Dreaming of CRISPR/Cas (2017)
Installation: Pedestal (alabaster), stonemasons’ tripod with a pillow, hammer, chisel. Sizes variable.
CRISPR/Cas9 is a technology that can be used to modify parts of a genome. This can be done by deleting or adding sections — down to the individual base — of a DNA sequence. It is by far the simplest, cheapest and most precise method of genetic manipulation. It was established by Jennifer Doudna and Emmanuelle Charpentier and has since been supplemented by several other processes such as CRISPR/Cpf1, which allows bases to be edited independently of the original base pair, or CRISPR/Cas13a, which targets RNA.
The installation “Dreaming of CRISPR/Cas” mingles in between and outside the critique of ontological concepts of the natural sciences, as well as concepts that have been and are being superimposed on the natural sciences themselves. The arrangement of traditional sculpting tools, which are surrounded by their equals but detached from their usual context, as well as the influence of indexical materials, surfaces and writing, refers to capitalist-neoliberal concepts of transparency and progress, questions anthropocentrisms as well as idealizations and escapist gestures on the part of hegemonic actors in current media discourses.

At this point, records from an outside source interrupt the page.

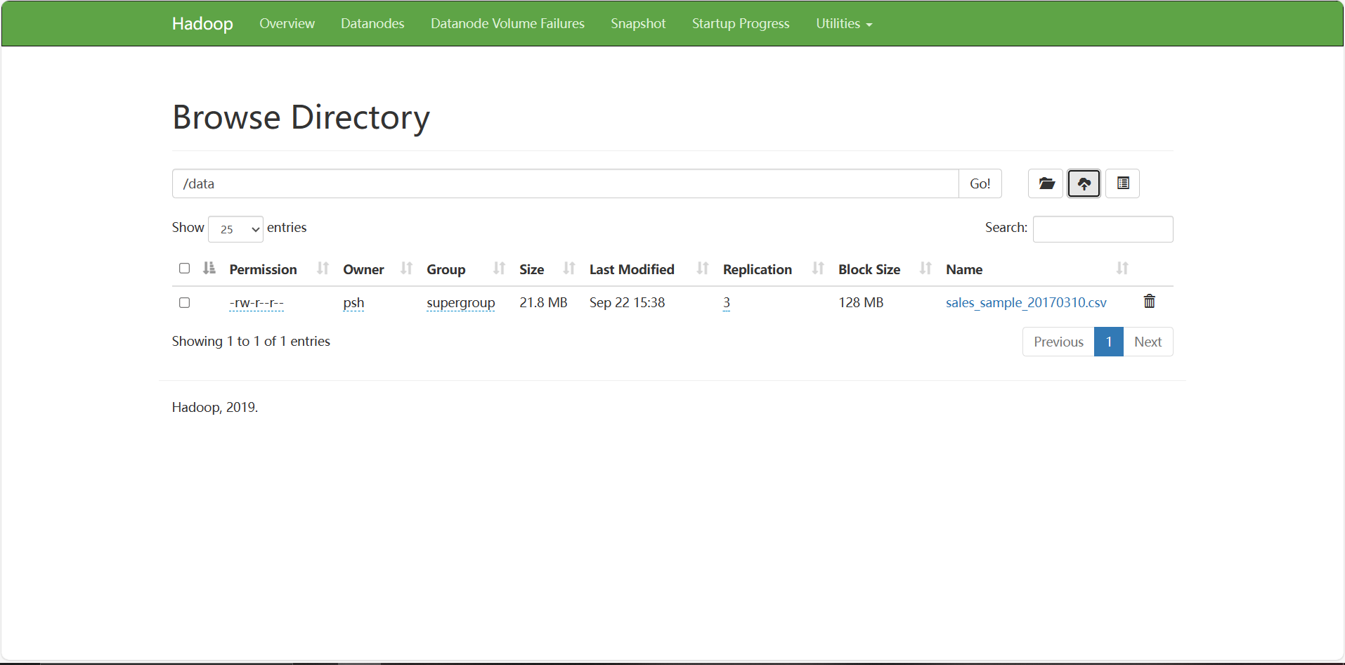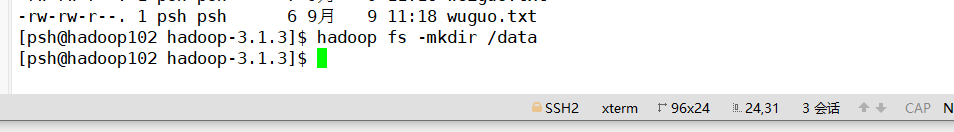 首先在创建文件要导入的hdfs的目录,我这里创建的是根目录data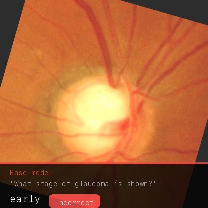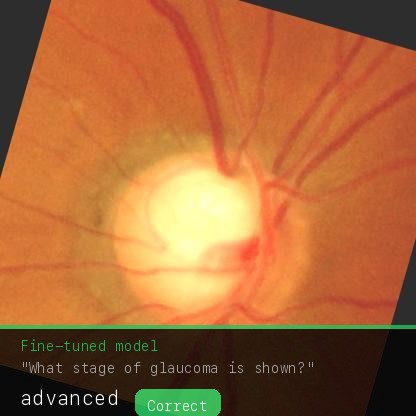 We fine-tuned Moondream to classify retinal images by glaucoma severity. The base model defaulted to "early" for nearly every image. The fine-tuned model distinguishes severity correctly, performing 2x better than GPT-5.4.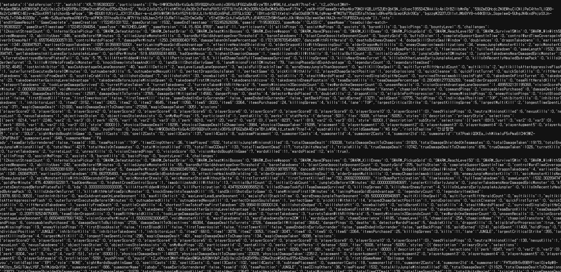 1개의 매치에 대한 정보가 담긴 데이터다 여기에서 필요한 정보는 4-5개 일 것 같은데 어떻게 처리를 해야할지 벌써 좀 막막한 것 같다.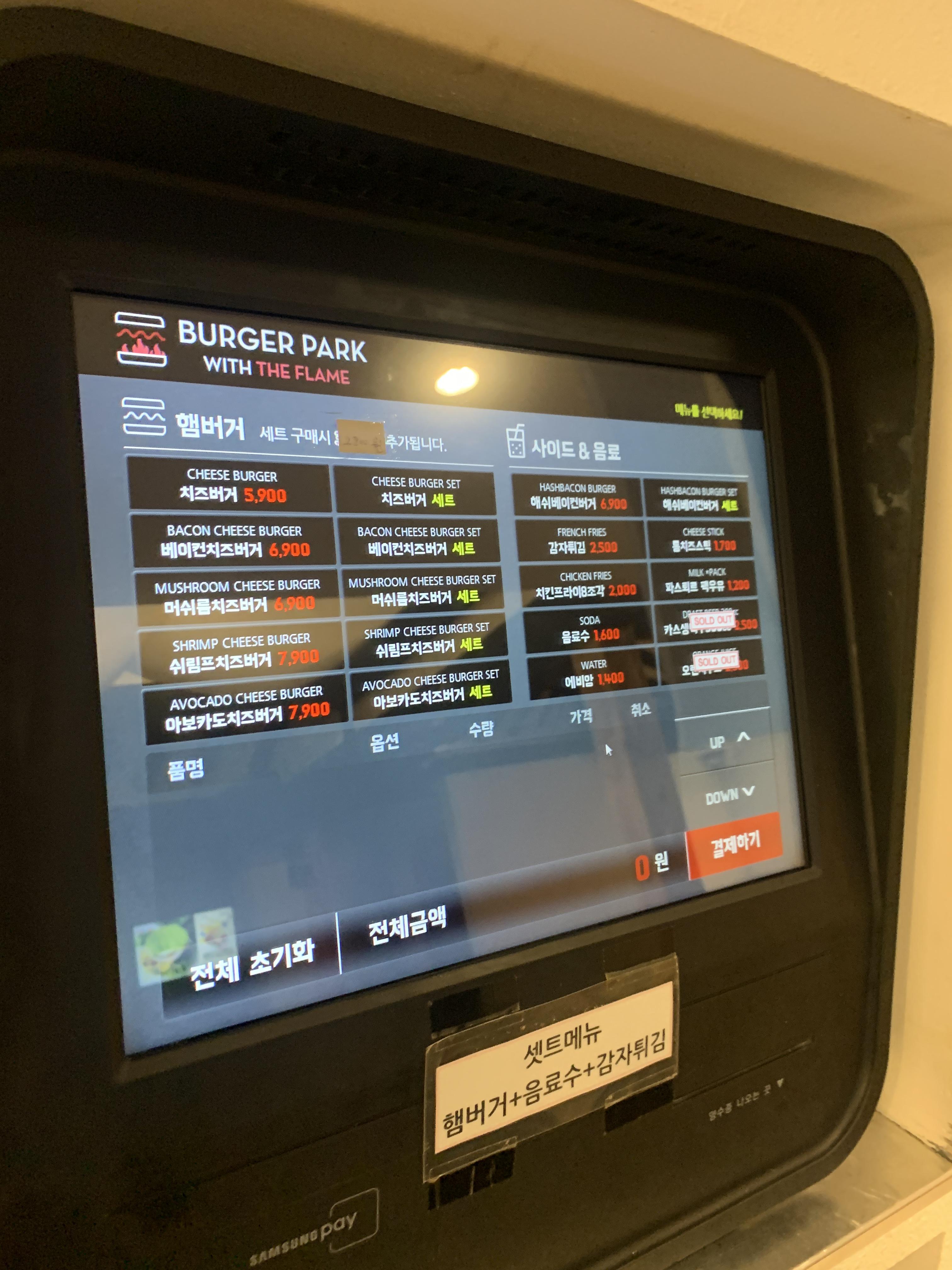 혜화 수제버거 맛집!! 버거파크는 키오스크를 통해 주문이 가능합니다!! 셋트메뉴는 햄버거+음료수+감자튀김을 주문했습니다 ㅎㅎ가격이 생각보다 저렴하더라고요 ㅎㅎ 이날 맥도날드를 먹고 싶었지만 수제버거를 먹자고 한 친구의 말에 수제버거를 주문하기 잘했습니다@!

Recent events are reflected by the installation. Particularly two articles connecting CRISPR and cancer are uncovering that CRISPR is more likely to skip cells with a damaged p53-gene, which — when functioning — is relevant to the human body fighting cancer. 
 Haapaniemi, E., Botla, S., Persson, J., Schmierer, B. & Taipale, J. (2018). CRISPR–Cas9 genome editing induces a p53-mediated DNA damage response. Nature Medicine.
 Ihry, R.J., Worringer, K.A., Salick, M.R., Frias, E., Ho, D., Theriault, K. et al. (2018). p53 inhibits CRISPR–Cas9 engineering in human pluripotent stem cells. Nature Medicine.